# PC won't start. Repair, restore and reinstall fails.



## EdiciusMai (May 8, 2011)

Hello.

After entering sleep mode and not waking up (black screen), I restarted and it went into automatic repair which failed and recommended that I'd restore which also failed.

Trying to reinstall through my Windows 8 install disc stalled after I had chosen the language (I waited for 2 hours on the "preparing setup" screen).
I have verified that all cables inside my PC are properly connected and my BIOS recognizes my SSD and HDD.

I found the Microsoft support post "Unable to refresh or reset PC after Automatic Repair fails in Windows 8" but cannot follow the steps as I can't get to the 'enter advanced options' menu.

All my hardware is around 6 months old and listed below.

Motherboard: Gigabyte GA-990FXA-UD5 AM3+ AMD 990FX
CPU: AMD FX-8350 Vishera 4.0GHz AM3+ 125W
RAM: Corsair Vengeance 8GB (2 x 4GB) 240-Pin DDR3
HDD: Seagate Barracuda 1TB 7200
SSD: Samsung 840 Pro Series 128GB SATA III
Graphics card: Sapphire 100352-3L Radeon HD 7970 3GB 384-bit

What should I do? Thank you for any help.


----------



## spunk.funk (May 13, 2010)

Whatever drive you have the OS installed on (I assume the SSD) unplug the other one so only the OS drive is plugged in. Download the ISO image for *Seatools *in my signature. Burn the image to CD with *IMGBurn *also in my signature. Boot off of the newly created CD and run the short and long tests on the OS drive. If either tests fails, the drive needs to be replaced. 
If that has no errors, and boots normally then there is a problem with the other drive.


----------



## EdiciusMai (May 8, 2011)

The SSD passes both tests.

For the HDD it warns me that there may be an important firmware update and the short test fails. Seagate's download finder says there are no newer firmware available for my drive. This was most likely caused when I tried to reformat my HDD through the Windows DiskManagement and the program crashed. After that Windows couldn't recognize it through the DiskManagement or Windows explorer anymore.

Unplugging the HDD allows the PC to boot normally.

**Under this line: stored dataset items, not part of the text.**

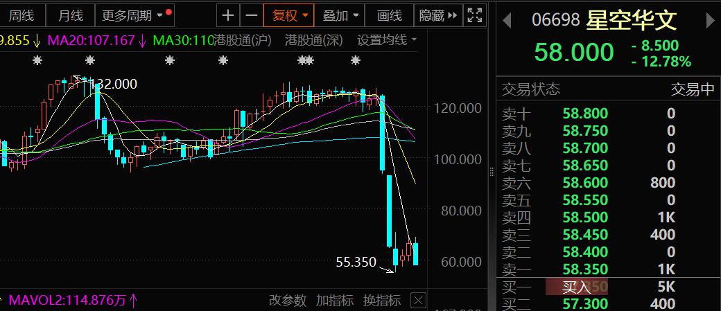 《中国好声音》母公司星空华文股价应声暴跌超10%。此前,该股在李玟事件发酵之后,股价暴跌。8月21日,星空华文股票再次遭遇疯狂抛售,大跌31%,收于65.3港元/股。短短两个交易日,其股价跌去47%,市值蒸发234亿港元。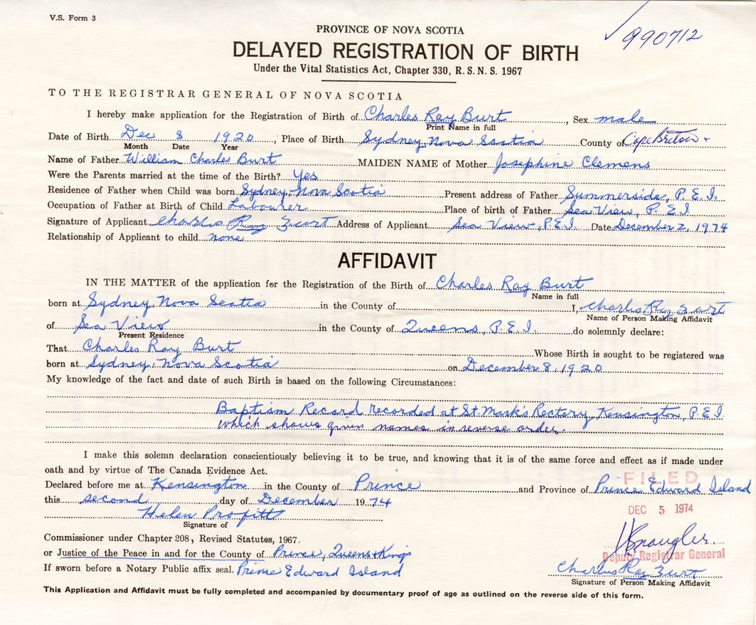 Signature of Applicant Charles Ray Burt Address of Applicant Sea View, PEI Date December 2, 1974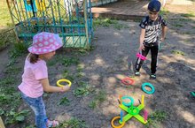 Летние деньки в детском саду проходят весело и интересно. Ребята развивают силу и ловкость при помощи активных спортивных игр.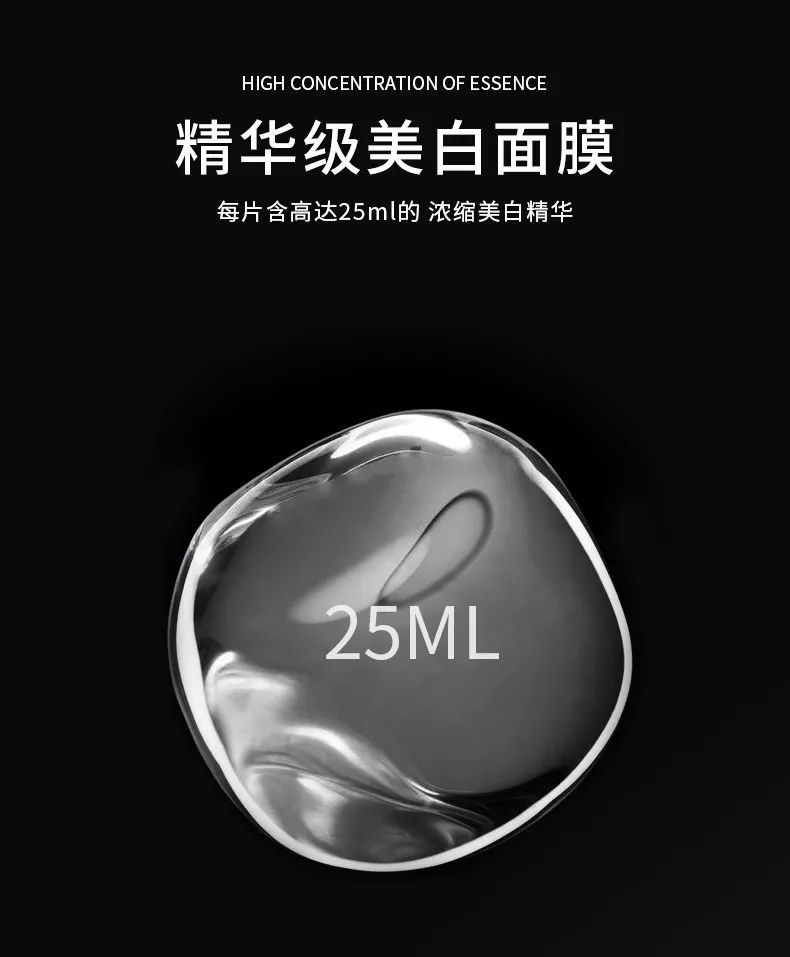 每片高达25g的超浓缩精华液,相当于1瓶原液的容量。敷一次相当泡1瓶精华在脸上,水润的效果可想而知。

Can I reinstall the original firmware for my HDD somehow?


----------



## EdiciusMai (May 8, 2011)

Accidentally double posted. Sorry. :whistling:


----------



## spunk.funk (May 13, 2010)

I do not think it is a Firmware issue. But see if one is available: Barracuda (1TB/disk platform) Firmware Update
Move any files you want to keep off of the Seagate drive. Run *Check Disk *on the drive. With the Seagate drive attached go to *Search* and type *CMD* Right click the CMD results and *Run As Administrator*. In the Elevated *Command Prompt* type *chkdsk /R *and press enter. Now type a* Y *for Yes to Unmount the drive. Check Disk will go through 5 stages it will take a long while. If that fails, the HDD needs to be replaced. If that completes, Then try formatting it again in Disk Management.


----------



## EdiciusMai (May 8, 2011)

Before I begin, I'd like some more information if you would be so kind.

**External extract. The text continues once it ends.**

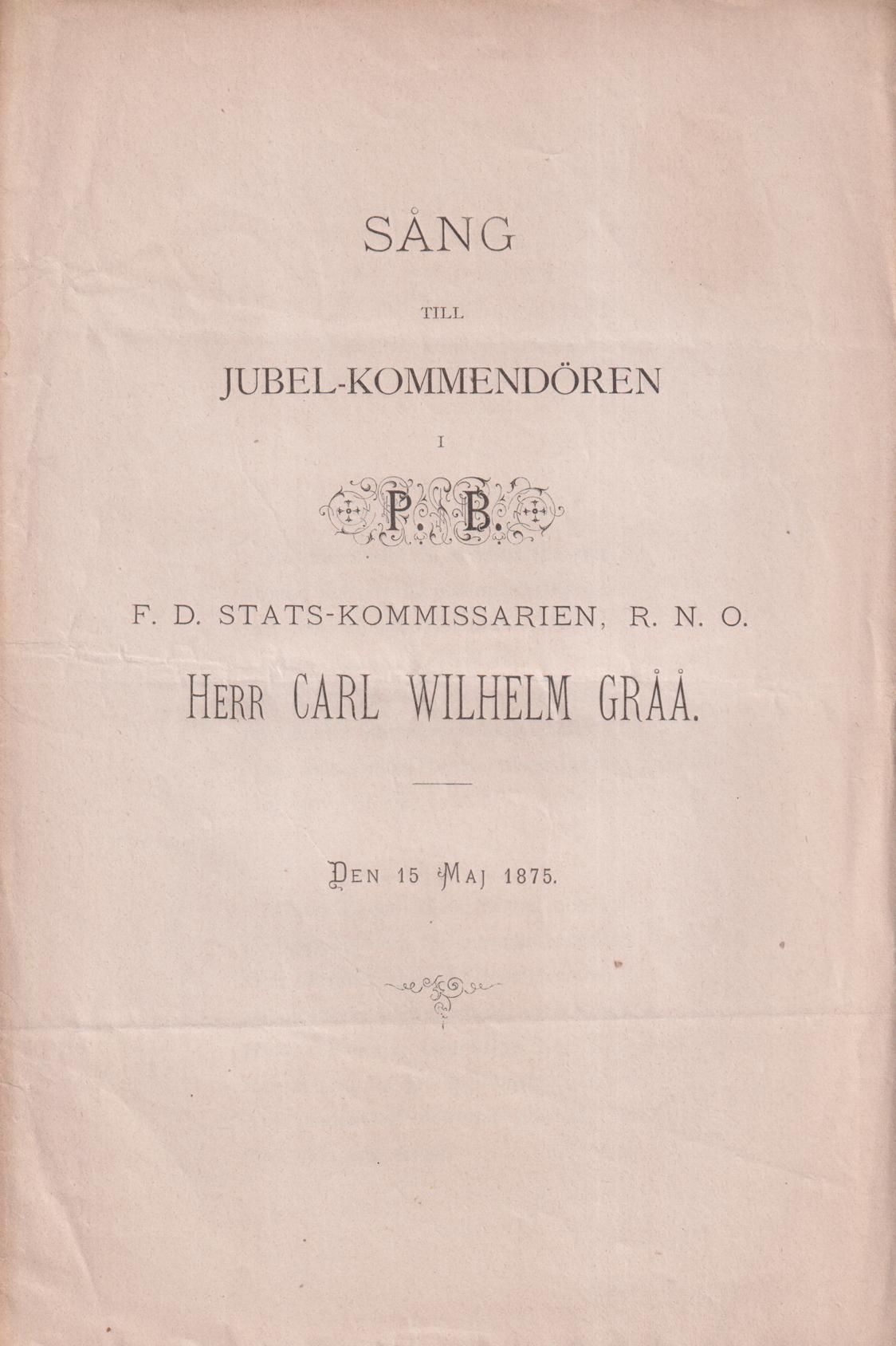 Sång till jubel-kommendören i P.B. F.d. stats-kommissarien, R.N.O. herr Carl Wilhelm Gråå. Den 15 maj 1875.

How exactly am I supposed to start the Check Disk since Windows can't boot when my HDD is connected; would it work if I connected the HDD after Windows has booted up? When I run the chkdsk /r, do I need to specify which drive to scan? Can it delete my SSD content?


----------



## spunk.funk (May 13, 2010)

With the HDD attached, Restart the computer and press *F8.* Iin the Advanced Boot Menu Try booting the computer in *Safe Mode* or *Safe Mode with Command Prompt*. My bad, I forgot to add the drive letter to the check disk command. So, in the *Command Prompt *type the drive letter of the HDD. (eg)* D:* and press enter (eg) *D:\> *at this prompt type* chkdsk /R* and press enter. When Check Disk runs, it only works on the drive you are checking. So, it will not touch any files on the SSD. 
The Seatools boot CD would do the same thing. 
If you cannot boot the computer at all with the HDD attached, with or without a boot disc, then it has failed and needs to be replaced.


----------



## EdiciusMai (May 8, 2011)

It appears the drive has failed, as I am unable to start or even power off Windows with the HDD connected. Thank you so much for your time and help!


----------



## spunk.funk (May 13, 2010)

If you have had the Seagate drive less then 2 years, you can RMA it back to Seagate and get a refurbished one for free in return. But you may just want to get a new drive as Refurbished ones fail twice as fast as a new drive does.


----------



## EdiciusMai (May 8, 2011)

As I am short on money and keep all my important information on external hard drives anyway I'm going to use the warranty of the drive. That is very useful information to keep in mind, though.


----------